Photo: I-hwa Cheng, AFP
By using Nvidia Corp’s Omniverse platform to equip the robots with brains trained through millions of simulations, they could be instantly effective in the real world and capable of transforming the manufacturing sector and supply chains, he said.
Factories would adopt extensive AI technologies to capture expert knowledge in areas such as defect resolution and equipment adjustments, with generative AI already handling 80 percent of the tasks, freeing humans to enable them to focus on high-value-work, he said.
These AI agents can learn, adapt and coordinate production, improving cycle time by more than 10 percent while generating tokens — the smallest unit of computation — laying the foundation for agentic AI and scaling expertise across factories, he said.
In addition to factory transformation, Hon Hai is developing smart electric vehicles (EVs) and smart city initiatives, with its electric buses — equipped with sensors to collect street data to be used in smart city applications — already operating in Kaohsiung, Liu said.
Hon Hai uses Nvidia technologies for smart cities, smart manufacturing and EVs, while it uses the Omniverse digital twin platform to build AI factories, he said.
The Omniverse enables developers to build AI-powered tools and services for industrial digitalization.
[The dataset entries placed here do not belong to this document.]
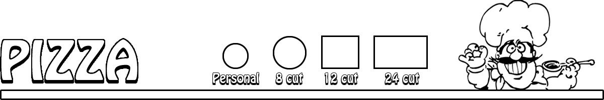 ITEMS: Extra sauce, double cheese, sausage, mushrooms, ham, broccoli, peppers, pepperoni, onions, black olives, meatballs, anchovies, hot peppers, bacon, diced tomatoes, eggplant, ricotta cheese, pineapple, or white (garlic and oil)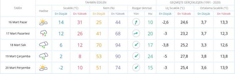 İşte Bursa için 5 günlük hava durumu tahminleri: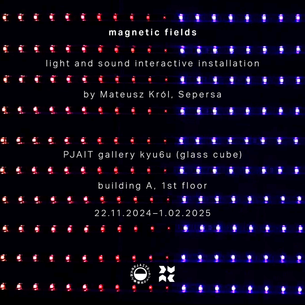 Już od piątku, 22 listopada, od godziny 12:00, serdecznie zapraszamy do podziwiania interaktywnej instalacji audiowizualnej „Magnetic Fields”. Wystawę będzie można oglądać przez trzy miesiące w przestrzeni kyu6u, mieszczącej się w Polsko-Japońskiej Akademii Technik Komputerowych przy ul. Koszykowej 86.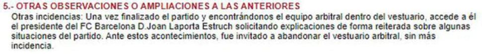 “Pasi mbaroi ndeshja dhe ekipi i arbitrave gjendej brenda dhomës së zhveshjes, hyri presidenti i Barcelonës, Joan Laporta, duke kërkuar vazhdimisht shpjegime për disa situata në ndeshje”, shkruante në protokoll gjyqtari pas sfidës.
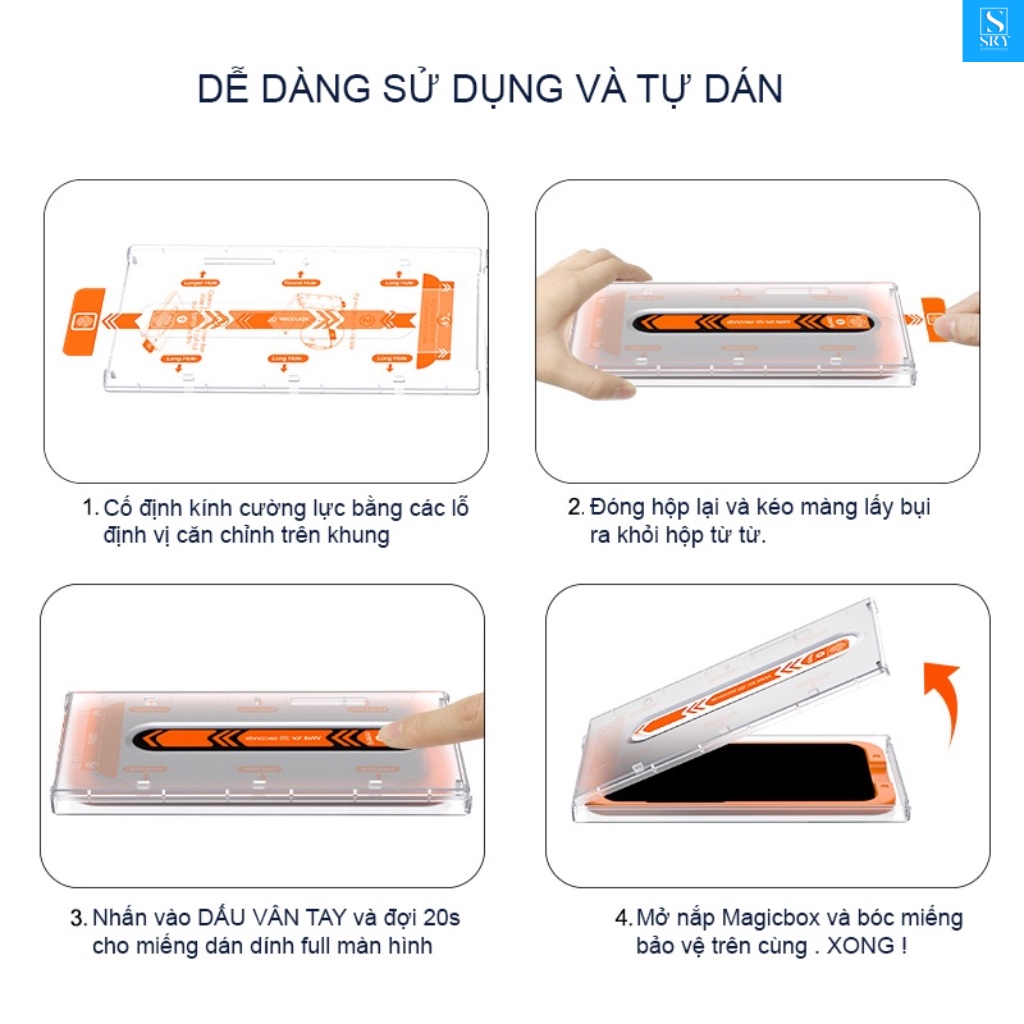 Khung dán tự động thông minh: Tự canh chỉnh chính xác, giúp bạn tự dán tại nhà cực dễ, không lệch, không nổi bọt.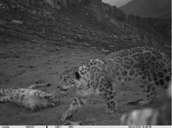2020年10月5日,在祁連山東麓的青海省互助北山國家級森林公園首次拍攝到的雪豹“母子同樂”影像畫面。(資料照)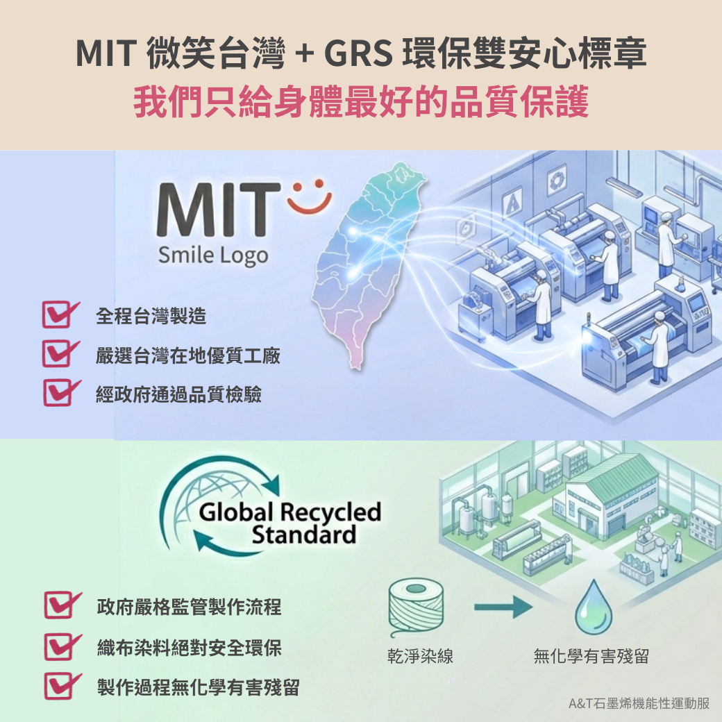 堅持全程台灣製造並獲 MIT 微笑標章與 GRS 環保認證,確保製程與染料安全合法,提供最放心的物理防毒抗菌守護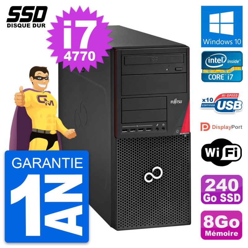PC Tour Fujitsu Esprimo P720 - Intel Core i7-4770 3.4 Ghz (8 Mo) - 8 Go DDR3 - SSD 240 Go - Graveur DVD - Clef Wifi USB - Windows 10 - Garantie 1 an.
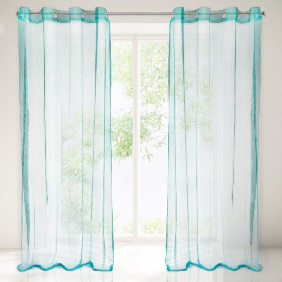 Firana gotowa o strukturze drobnej siatki szerokość: 140 cm, długość: 250 cm, kolor: turkusowy, Gramatura: 80 GSM, Skład: 100% poliester
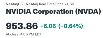 后来英伟达后盘中转涨,截至收盘微涨0.64%。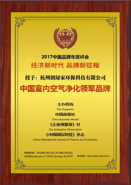 2018年1月26日-28日,由中國(guó)商報(bào)社、《企業(yè)觀察報(bào)》社和《中國(guó)國(guó)際財(cái)經(jīng)》雜志聯(lián)合主辦的“2017中國(guó)品牌年度峰會(huì)”在京隆重舉行。杭州創(chuàng)綠家環(huán)保科技有限公司榮獲“中國(guó)室內(nèi)空氣凈化領(lǐng)軍品牌”殊榮。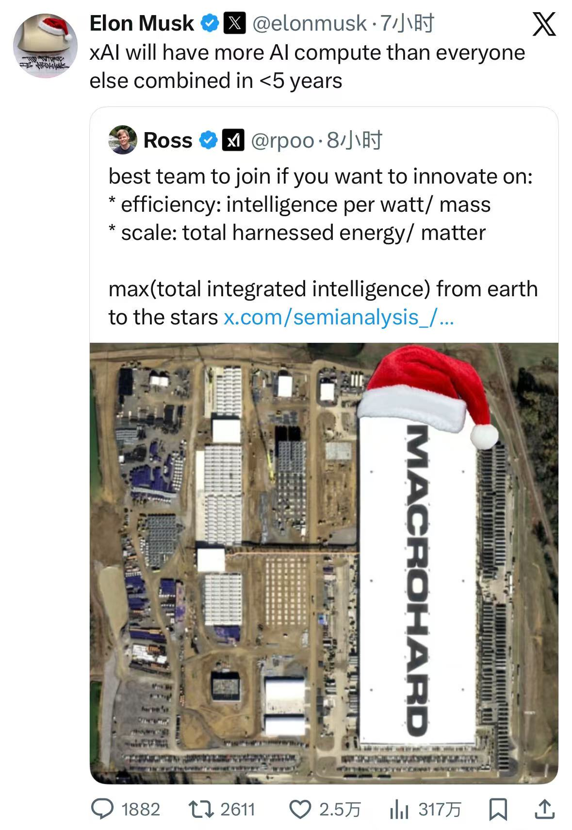 12月25日,特斯拉(TSLA.US)CEO及XAI创始人马斯克在社交平台X上发文表示,未来5年内,XAI 的人工智能计算能力将超过其他所有机构的总和。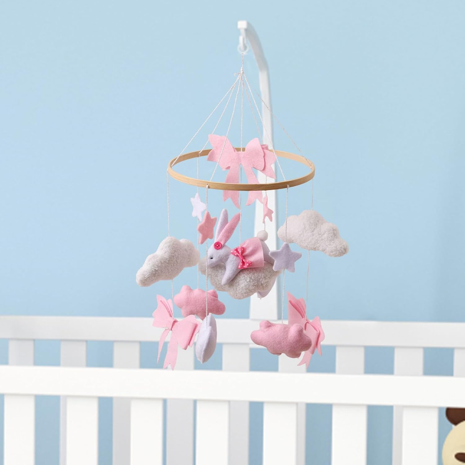 Baby Crib Mobile – Baby Nursery Mobile with Bunny and Bow | Boys Girls Rotating Sensory Toy Bohemian Ornament for Bedroom Bassinet Window Wall Living Room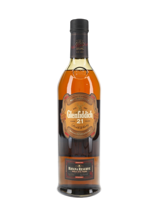 A bottle of the first release of Glenfiddich 21 Year Old Havana Reserve Pure Single Malt Scotch Whisky, finished in Cuban rum casks. This expression was originally called Havana Reserve, but later batches were named Gran Reserva.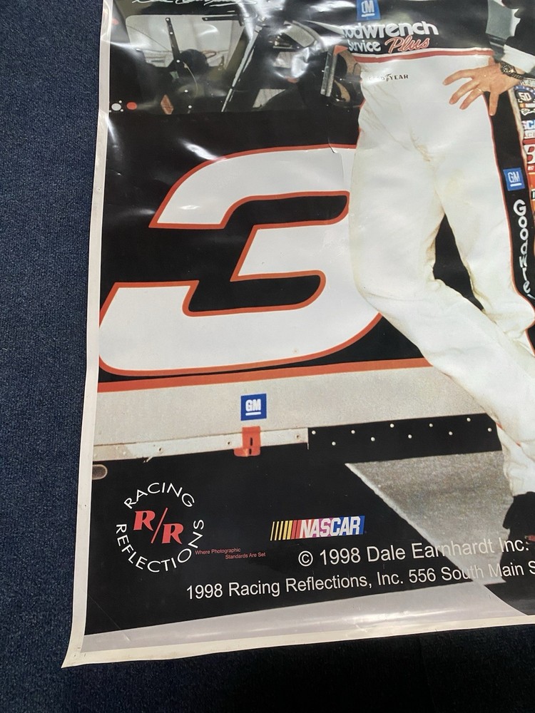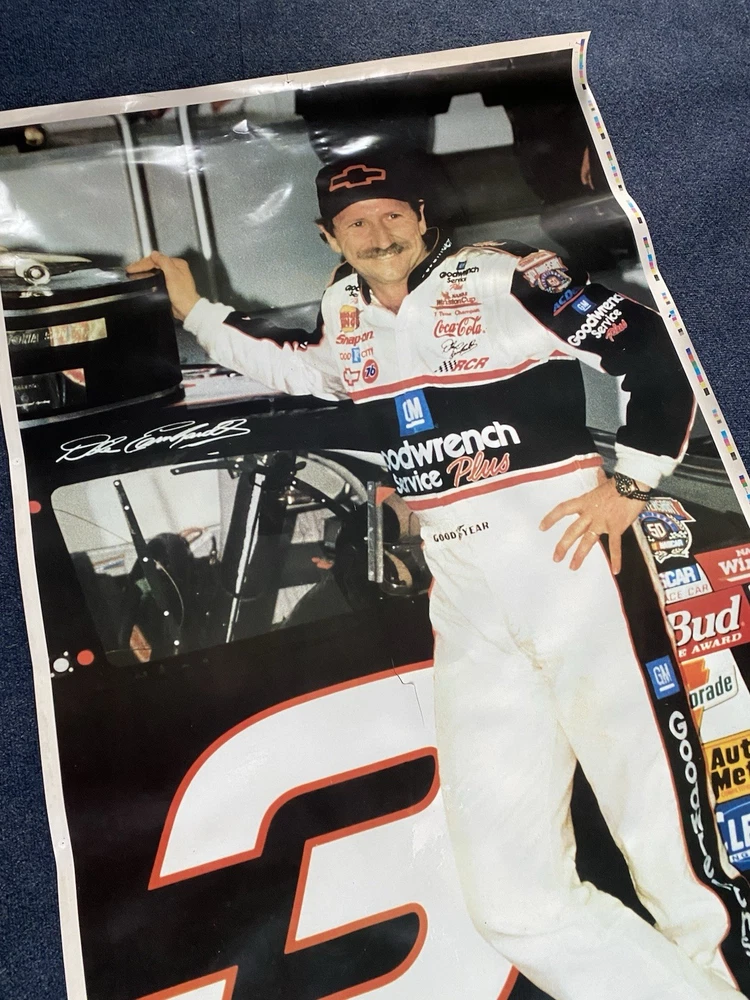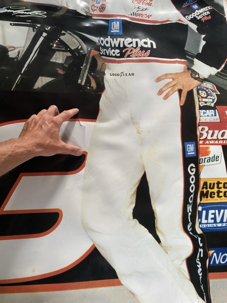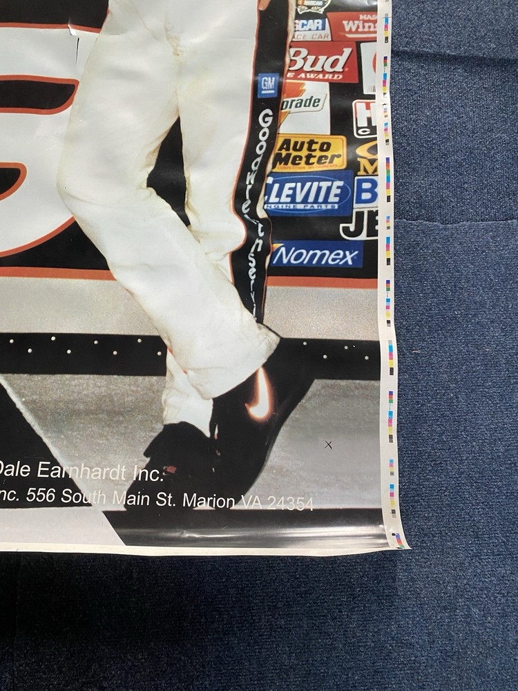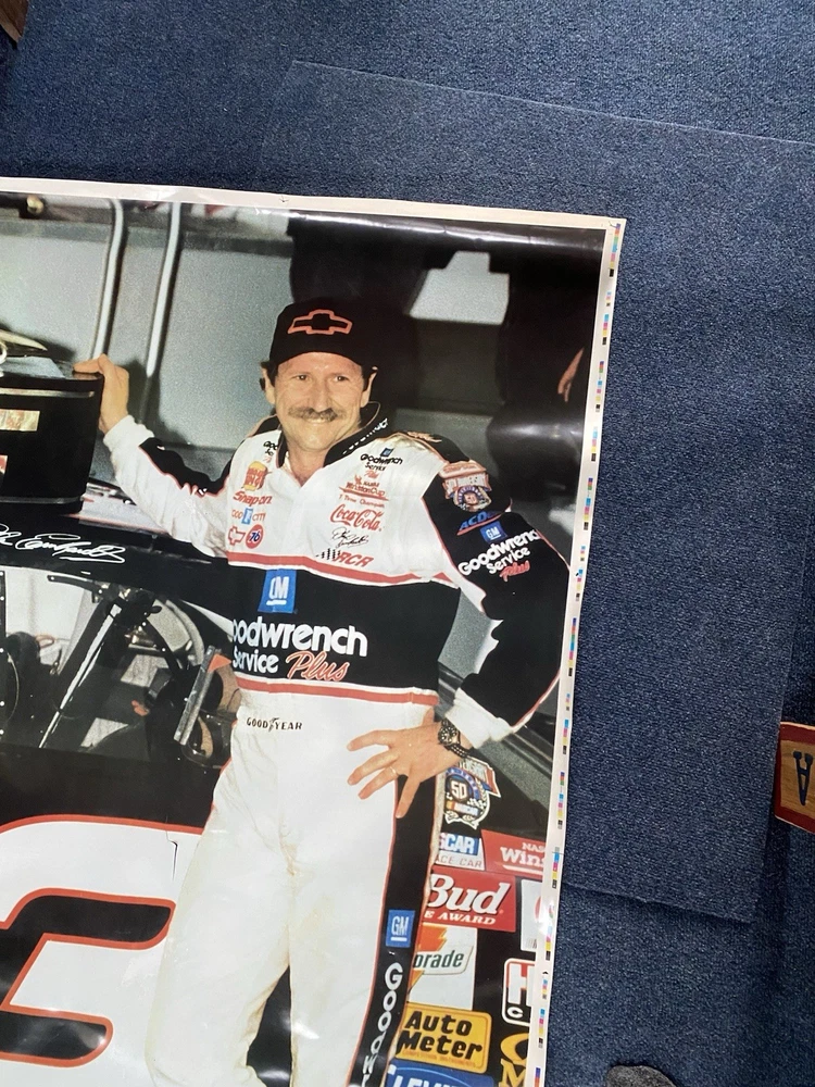 Raise H3ll & praise dale. This is a large 62”x34” pre-owned poster of “The Intimidator”. Overall it is in good to fair condition but has flaws. At closeup viewing there is a tear in the middle near the #3, please view the photo where I show that. Also there is a discolored spot near the number 3, also in the photos. And, there are some minor signs of being pre-owned, overall such as curled corner, holes in the corner where it was tacked to the wall, minor spots of dirt near the border, etc. None of this is excessive, but is there. No tattering, no soiled spots, no grease marks, no damage that really sticks out except for the tear in the middle. It’s a sick poster, and ships safely in a poster tube.

With it, Hon Hai can simulate millions of training cycles, allowing robots to think and operate almost immediately upon deployment, Liu said.
Nvidia chief executive officer Jensen Huang (黃仁勳) later joined Liu as a special guest during the keynote speech.
The products that Nvidia developed with its Taiwanese supply chain partners are highly complex, with the GB200 servers — built in collaboration with Hon Hai — containing 1.2 million components, weighing nearly 2 tonnes and valued at US$2 million to US$3 million per stack, Huang said.